→ **ASSIGNED TASK**:
The result should be the listing below restated word for word, with images left out.

→ **DATA EXTRACT**:

========

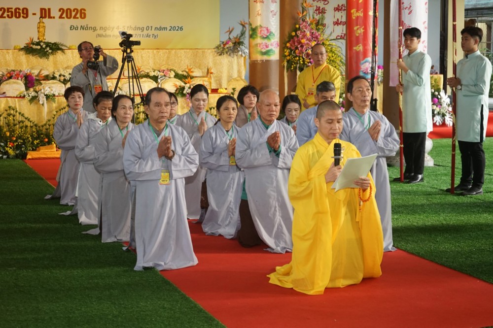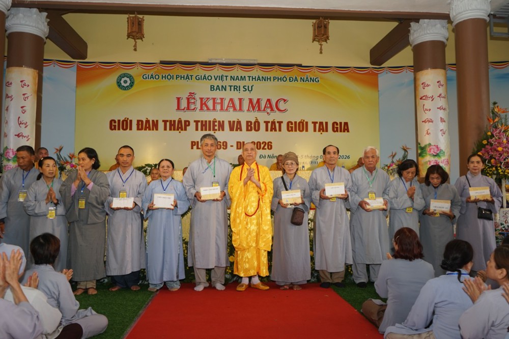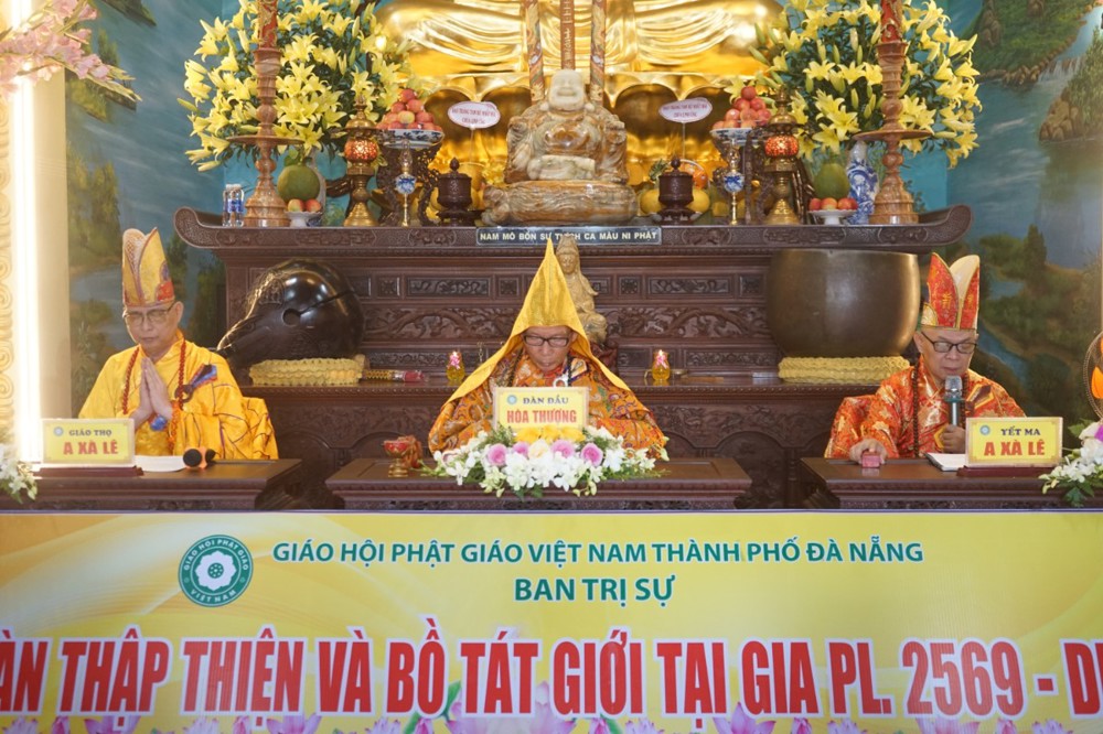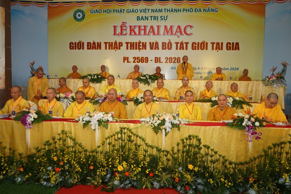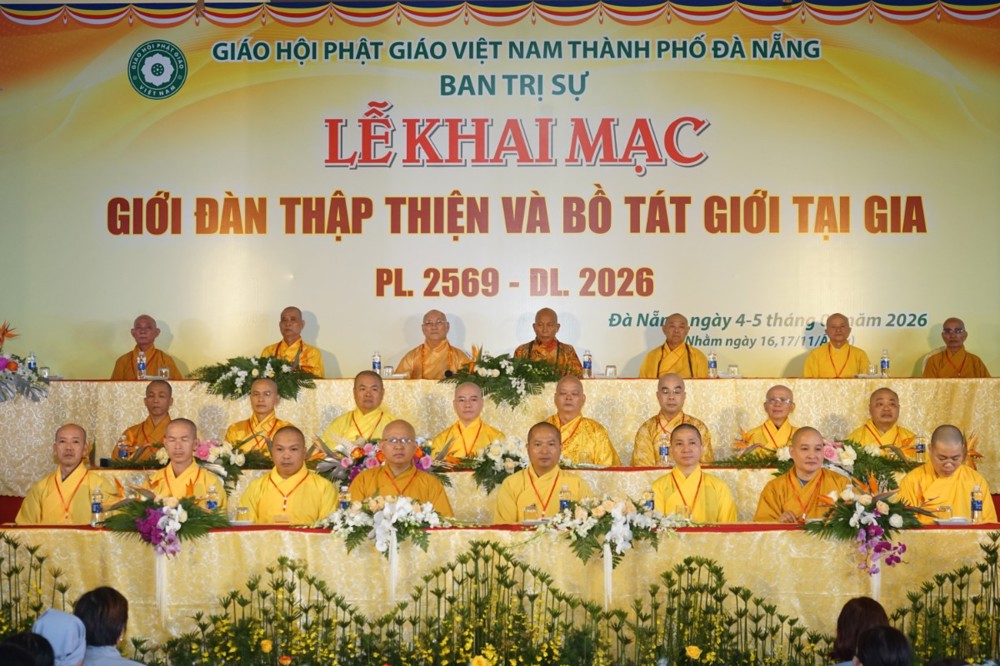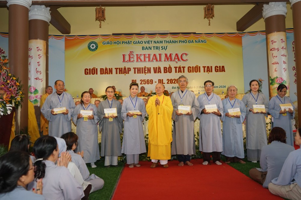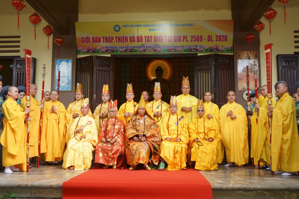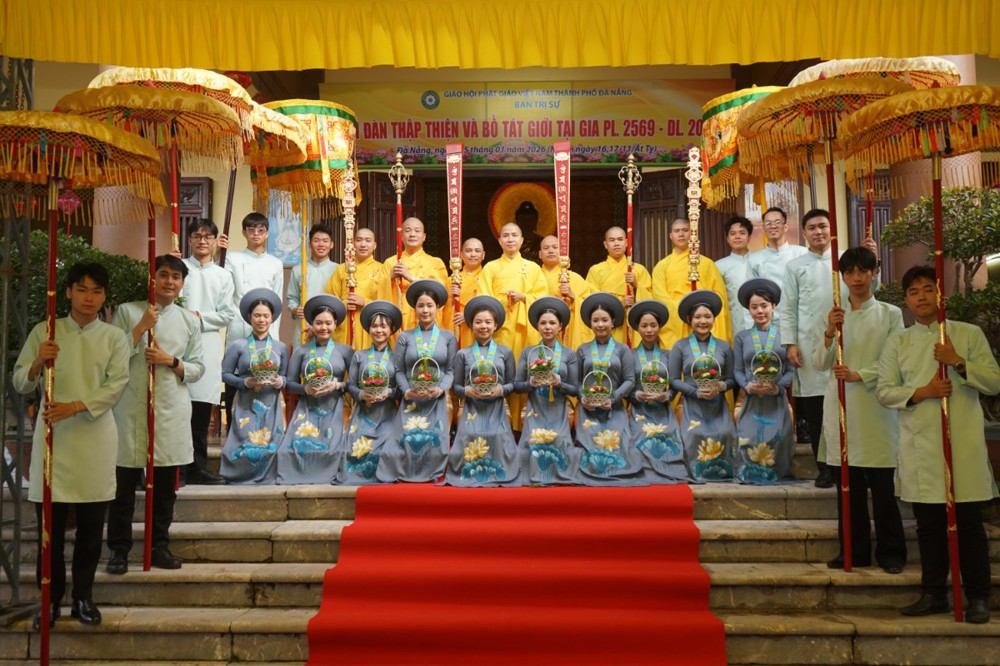 Sáng ngày 05/01/2026 (nhằm ngày 17/11/Ất Tỵ), vào lúc 7 giờ tại giới trường chùa Linh ứng Bãi Bụt (phường Sơn Trà, Tp Đà Nẵng), toàn thể Giới tử tại gia đã vân tập trang nghiêm cung thỉnh chư Tôn đức Hội đồng Thập sư cử hành lễ tấn đàn thọ giới Thập thiện và Bồ tát tại gia.
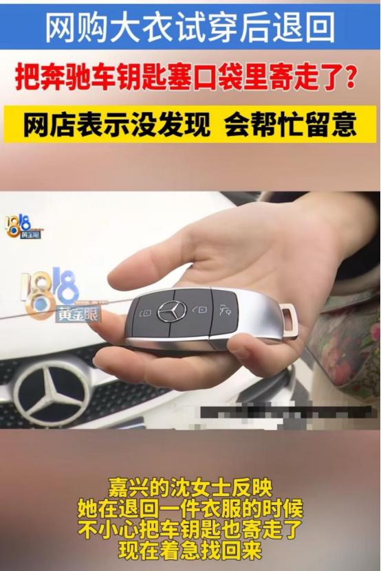 嘉兴,女子网购退衣服时,不慎将奔驰车钥匙放在口袋里一起寄走了,重新配一把需要6000多块钱,她希望商家帮她走回来!商家:没看到车钥匙,退回的衣服又卖出去给别的顾客了!网友:试穿衣服我们把车钥匙放口袋里?不合适就直接退啊!   一件158块钱的网购大衣,居然让她面临6000多块钱的损失。这到底是怎么回事呢?   原来,沈女士的奔驰智能钥匙莫名不见了。这把奔驰车钥匙造价可不低,重新配一把就得六千多块,换做是谁遇上这事,心里都会急得不行。   而商家那边的回应称仓库每天要处理上百件的退货包裹,工作量本就很大,再加上仓库内部并未安装监控,没有相关的影像记录,对于沈女士的情况,实在没办法核查清楚。   更何况整理退货衣物的都是临时工,大家手头活儿多,只顾着赶紧分拣打包,根本没人会留意、也不会特意去检查衣服口袋里有没有夹带东西。   小区监控记录得明明白白,1月7日晚上,她穿着刚收到的新大衣下车,随手就把奔驰车钥匙塞进了大衣口袋里。   那天天气特别冷,她的大衣送到了小区里面的驿站。因为不想冒着凉风跑第二趟,就开着车去取包裹,直接在车里拆开来试穿了。   试穿后发现,这个大衣的版型不太合适,肩线太宽了,所以沈女士当场就决定退货。   她想着反正很快就到家换睡衣,在车上换衣服实在是折腾,索性就穿着没拆吊牌的新大衣,还顺手把车钥匙塞在了大衣口袋里。   直到第二天打包退货,沈女士也压根没想起,那把奔驰钥匙还安安稳稳躺在大衣的口袋里。   等沈女士发现车钥匙消失了,把家里翻了个底朝天也没找见踪影时,才猛然想起前几天退掉的那件大衣,她才想起来,钥匙八成是落在大衣口袋里,寄走了。 于是她赶紧调出家里的监控查看,一看便瞬间清楚了,那把奔驰钥匙大概率就是跟着退货包裹,一起寄回给商家了。   她心里又懊恼又无奈,她自认有疏忽,但也觉得商家收到退货时,理应细心检查下衣服口袋,若能多这一步,或许就能避免这场钥匙丢失的麻烦了。   有人觉得,这事根源还是她做事不够细心,试穿完大衣没检查口袋就直接退货,才平白引发了这场丢钥匙的麻烦。   也有人认为商家同样有责任,退货查验本就是该有的基本流程,不能以“人手不足”“仓库无监控”为借口,敷衍了事,忽略了对退回商品的基础检查。   现在大家都爱网上购物,七天无理由退货确实方便,但退货流程里,既没有针对贵重物品的风险提示,商家也缺少完善的查验机制。   生活里类似的情况并不少见,有人退货时不小心寄走了口袋里的现金,有人遗落了心爱的首饰,等到发现时,商品早就流转到了下一位买家手里,想找回难如登天。   沈女士的经历给所有人提了个醒。退货之前,衣服的口袋、包包的夹层、鞋子的内里,都要逐一翻查,确认没有遗落贵重物品再寄出。   商家和购物平台也该多上点心,完善退货查验的流程,别让这类因疏漏造成的麻烦,再发生在消费者身上。   不妨增设一个简易的退货查验环节,收到退回商品后花几分钟仔细检查一番,既能减少消费者的财物损失,也能规避后续的各类纠纷,对买卖双方而言,无疑是一举两得的举措。   希望这起事件能让大家都引以为戒,不管是退货还是寄快递,都多留个心眼,让这样的乌龙闹剧少一些,让网购既方便又安心。
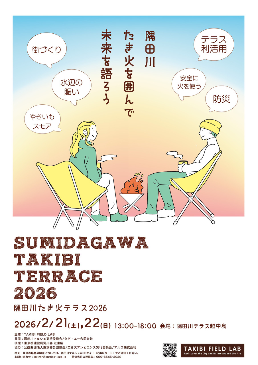 2月21日・22日、江東区越中島の「隅田川テラス」で、「SUMIDAGAWA TAKIBI TERRACE 2026」が開催される。開催時間は13時~18時。入場無料。
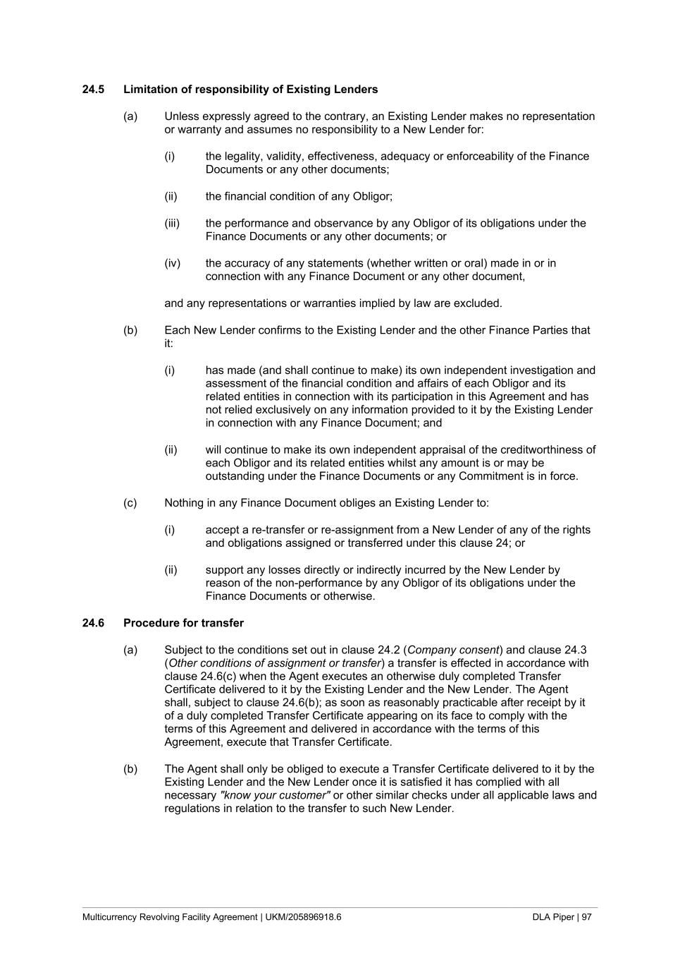 Multicurrency Revolving Facility Agreement | UKM/205896918.6 DLA Piper | 97 24.5 Limitation of responsibility of Existing Lenders (a) Unless expressly agreed to the contrary, an Existing Lender makes no representation or warranty and assumes no responsibility to a New Lender for: (i) the legality, validity, effectiveness, adequacy or enforceability of the Finance Documents or any other documents; (ii) the financial condition of any Obligor; (iii) the performance and observance by any Obligor of its obligations under the Finance Documents or any other documents; or (iv) the accuracy of any statements (whether written or oral) made in or in connection with any Finance Document or any other document, and any representations or warranties implied by law are excluded. (b) Each New Lender confirms to the Existing Lender and the other Finance Parties that it: (i) has made (and shall continue to make) its own independent investigation and assessment of the financial condition and affairs of each Obligor and its related entities in connection with its participation in this Agreement and has not relied exclusively on any information provided to it by the Existing Lender in connection with any Finance Document; and (ii) will continue to make its own independent appraisal of the creditworthiness of each Obligor and its related entities whilst any amount is or may be outstanding under the Finance Documents or any Commitment is in force. (c) Nothing in any Finance Document obliges an Existing Lender to: (i) accept a re-transfer or re-assignment from a New Lender of any of the rights and obligations assigned or transferred under this clause 24; or (ii) support any losses directly or indirectly incurred by the New Lender by reason of the non-performance by any Obligor of its obligations under the Finance Documents or otherwise. 24.6 Procedure for transfer (a) Subject to the conditions set out in clause 24.2 (Company consent) and clause 24.3 (Other conditions of assignment or transfer) a transfer is effected in accordance with clause 24.6(c) when the Agent executes an otherwise duly completed Transfer Certificate delivered to it by the Existing Lender and the New Lender. The Agent shall, subject to clause 24.6(b); as soon as reasonably practicable after receipt by it of a duly completed Transfer Certificate appearing on its face to comply with the terms of this Agreement and delivered in accordance with the terms of this Agreement, execute that Transfer Certificate. (b) The Agent shall only be obliged to execute a Transfer Certificate delivered to it by the Existing Lender and the New Lender once it is satisfied it has complied with all necessary "know your customer" or other similar checks under all applicable laws and regulations in relation to the transfer to such New Lender.

========

→ **RESPONSE**:
 Sáng ngày 05/01/2026 (nhằm ngày 17/11/Ất Tỵ), vào lúc 7 giờ tại giới trường chùa Linh ứng Bãi Bụt (phường Sơn Trà, Tp Đà Nẵng), toàn thể Giới tử tại gia đã vân tập trang nghiêm cung thỉnh chư Tôn đức Hội đồng Thập sư cử hành lễ tấn đàn thọ giới Thập thiện và Bồ tát tại gia.
 嘉兴,女子网购退衣服时,不慎将奔驰车钥匙放在口袋里一起寄走了,重新配一把需要6000多块钱,她希望商家帮她走回来!商家:没看到车钥匙,退回的衣服又卖出去给别的顾客了!网友:试穿衣服我们把车钥匙放口袋里?不合适就直接退啊!   一件158块钱的网购大衣,居然让她面临6000多块钱的损失。这到底是怎么回事呢?   原来,沈女士的奔驰智能钥匙莫名不见了。这把奔驰车钥匙造价可不低,重新配一把就得六千多块,换做是谁遇上这事,心里都会急得不行。   而商家那边的回应称仓库每天要处理上百件的退货包裹,工作量本就很大,再加上仓库内部并未安装监控,没有相关的影像记录,对于沈女士的情况,实在没办法核查清楚。   更何况整理退货衣物的都是临时工,大家手头活儿多,只顾着赶紧分拣打包,根本没人会留意、也不会特意去检查衣服口袋里有没有夹带东西。   小区监控记录得明明白白,1月7日晚上,她穿着刚收到的新大衣下车,随手就把奔驰车钥匙塞进了大衣口袋里。   那天天气特别冷,她的大衣送到了小区里面的驿站。因为不想冒着凉风跑第二趟,就开着车去取包裹,直接在车里拆开来试穿了。   试穿后发现,这个大衣的版型不太合适,肩线太宽了,所以沈女士当场就决定退货。   她想着反正很快就到家换睡衣,在车上换衣服实在是折腾,索性就穿着没拆吊牌的新大衣,还顺手把车钥匙塞在了大衣口袋里。   直到第二天打包退货,沈女士也压根没想起,那把奔驰钥匙还安安稳稳躺在大衣的口袋里。   等沈女士发现车钥匙消失了,把家里翻了个底朝天也没找见踪影时,才猛然想起前几天退掉的那件大衣,她才想起来,钥匙八成是落在大衣口袋里,寄走了。 于是她赶紧调出家里的监控查看,一看便瞬间清楚了,那把奔驰钥匙大概率就是跟着退货包裹,一起寄回给商家了。   她心里又懊恼又无奈,她自认有疏忽,但也觉得商家收到退货时,理应细心检查下衣服口袋,若能多这一步,或许就能避免这场钥匙丢失的麻烦了。   有人觉得,这事根源还是她做事不够细心,试穿完大衣没检查口袋就直接退货,才平白引发了这场丢钥匙的麻烦。   也有人认为商家同样有责任,退货查验本就是该有的基本流程,不能以“人手不足”“仓库无监控”为借口,敷衍了事,忽略了对退回商品的基础检查。   现在大家都爱网上购物,七天无理由退货确实方便,但退货流程里,既没有针对贵重物品的风险提示,商家也缺少完善的查验机制。   生活里类似的情况并不少见,有人退货时不小心寄走了口袋里的现金,有人遗落了心爱的首饰,等到发现时,商品早就流转到了下一位买家手里,想找回难如登天。   沈女士的经历给所有人提了个醒。退货之前,衣服的口袋、包包的夹层、鞋子的内里,都要逐一翻查,确认没有遗落贵重物品再寄出。   商家和购物平台也该多上点心,完善退货查验的流程,别让这类因疏漏造成的麻烦,再发生在消费者身上。   不妨增设一个简易的退货查验环节,收到退回商品后花几分钟仔细检查一番,既能减少消费者的财物损失,也能规避后续的各类纠纷,对买卖双方而言,无疑是一举两得的举措。   希望这起事件能让大家都引以为戒,不管是退货还是寄快递,都多留个心眼,让这样的乌龙闹剧少一些,让网购既方便又安心。
 2月21日・22日、江東区越中島の「隅田川テラス」で、「SUMIDAGAWA TAKIBI TERRACE 2026」が開催される。開催時間は13時~18時。入場無料。
 Multicurrency Revolving Facility Agreement | UKM/205896918.6 DLA Piper | 97 24.5 Limitation of responsibility of Existing Lenders (a) Unless expressly agreed to the contrary, an Existing Lender makes no representation or warranty and assumes no responsibility to a New Lender for: (i) the legality, validity, effectiveness, adequacy or enforceability of the Finance Documents or any other documents; (ii) the financial condition of any Obligor; (iii) the performance and observance by any Obligor of its obligations under the Finance Documents or any other documents; or (iv) the accuracy of any statements (whether written or oral) made in or in connection with any Finance Document or any other document, and any representations or warranties implied by law are excluded. (b) Each New Lender confirms to the Existing Lender and the other Finance Parties that it: (i) has made (and shall continue to make) its own independent investigation and assessment of the financial condition and affairs of each Obligor and its related entities in connection with its participation in this Agreement and has not relied exclusively on any information provided to it by the Existing Lender in connection with any Finance Document; and (ii) will continue to make its own independent appraisal of the creditworthiness of each Obligor and its related entities whilst any amount is or may be outstanding under the Finance Documents or any Commitment is in force. (c) Nothing in any Finance Document obliges an Existing Lender to: (i) accept a re-transfer or re-assignment from a New Lender of any of the rights and obligations assigned or transferred under this clause 24; or (ii) support any losses directly or indirectly incurred by the New Lender by reason of the non-performance by any Obligor of its obligations under the Finance Documents or otherwise. 24.6 Procedure for transfer (a) Subject to the conditions set out in clause 24.2 (Company consent) and clause 24.3 (Other conditions of assignment or transfer) a transfer is effected in accordance with clause 24.6(c) when the Agent executes an otherwise duly completed Transfer Certificate delivered to it by the Existing Lender and the New Lender. The Agent shall, subject to clause 24.6(b); as soon as reasonably practicable after receipt by it of a duly completed Transfer Certificate appearing on its face to comply with the terms of this Agreement and delivered in accordance with the terms of this Agreement, execute that Transfer Certificate. (b) The Agent shall only be obliged to execute a Transfer Certificate delivered to it by the Existing Lender and the New Lender once it is satisfied it has complied with all necessary "know your customer" or other similar checks under all applicable laws and regulations in relation to the transfer to such New Lender.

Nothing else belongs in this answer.